## WHAT TO PRODUCE
Every line of the listing belongs in your answer exactly as written; the images do not.

## DATA SEGMENT
**********

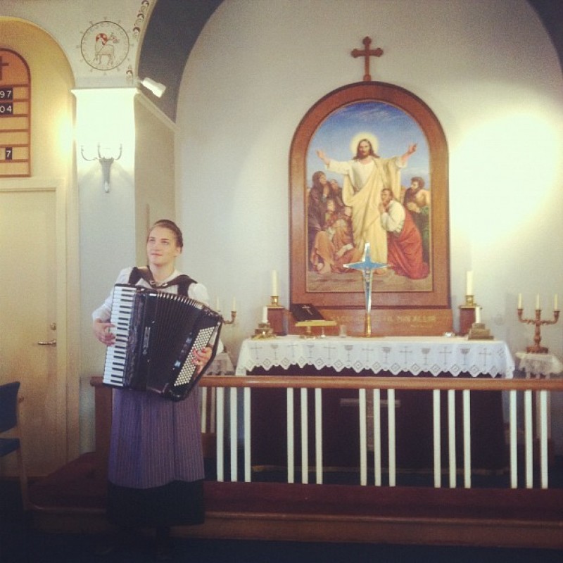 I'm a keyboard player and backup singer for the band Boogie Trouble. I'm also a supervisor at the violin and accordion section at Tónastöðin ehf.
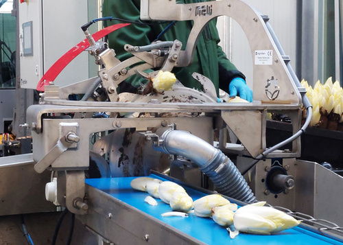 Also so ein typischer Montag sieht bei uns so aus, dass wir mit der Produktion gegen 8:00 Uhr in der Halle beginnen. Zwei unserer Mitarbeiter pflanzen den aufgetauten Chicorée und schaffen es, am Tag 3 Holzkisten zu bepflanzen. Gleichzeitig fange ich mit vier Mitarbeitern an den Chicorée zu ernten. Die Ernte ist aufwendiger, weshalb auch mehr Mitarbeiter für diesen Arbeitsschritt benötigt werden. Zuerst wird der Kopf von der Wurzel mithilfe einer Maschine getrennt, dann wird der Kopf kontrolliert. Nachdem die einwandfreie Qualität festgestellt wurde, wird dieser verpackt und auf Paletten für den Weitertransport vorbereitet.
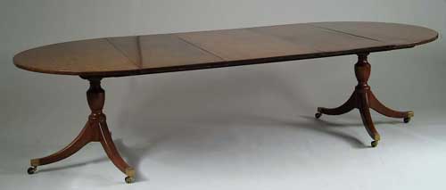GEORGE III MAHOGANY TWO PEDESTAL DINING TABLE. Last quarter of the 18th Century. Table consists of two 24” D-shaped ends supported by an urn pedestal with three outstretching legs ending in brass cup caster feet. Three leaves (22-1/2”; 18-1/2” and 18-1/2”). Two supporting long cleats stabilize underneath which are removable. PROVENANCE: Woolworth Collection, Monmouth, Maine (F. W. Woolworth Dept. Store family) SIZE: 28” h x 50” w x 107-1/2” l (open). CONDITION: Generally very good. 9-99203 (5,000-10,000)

**********

## OUTPUT OF THE EXERCISE
 I'm a keyboard player and backup singer for the band Boogie Trouble. I'm also a supervisor at the violin and accordion section at Tónastöðin ehf.
 Also so ein typischer Montag sieht bei uns so aus, dass wir mit der Produktion gegen 8:00 Uhr in der Halle beginnen. Zwei unserer Mitarbeiter pflanzen den aufgetauten Chicorée und schaffen es, am Tag 3 Holzkisten zu bepflanzen. Gleichzeitig fange ich mit vier Mitarbeitern an den Chicorée zu ernten. Die Ernte ist aufwendiger, weshalb auch mehr Mitarbeiter für diesen Arbeitsschritt benötigt werden. Zuerst wird der Kopf von der Wurzel mithilfe einer Maschine getrennt, dann wird der Kopf kontrolliert. Nachdem die einwandfreie Qualität festgestellt wurde, wird dieser verpackt und auf Paletten für den Weitertransport vorbereitet.
GEORGE III MAHOGANY TWO PEDESTAL DINING TABLE. Last quarter of the 18th Century. Table consists of two 24” D-shaped ends supported by an urn pedestal with three outstretching legs ending in brass cup caster feet. Three leaves (22-1/2”; 18-1/2” and 18-1/2”). Two supporting long cleats stabilize underneath which are removable. PROVENANCE: Woolworth Collection, Monmouth, Maine (F. W. Woolworth Dept. Store family) SIZE: 28” h x 50” w x 107-1/2” l (open). CONDITION: Generally very good. 9-99203 (5,000-10,000)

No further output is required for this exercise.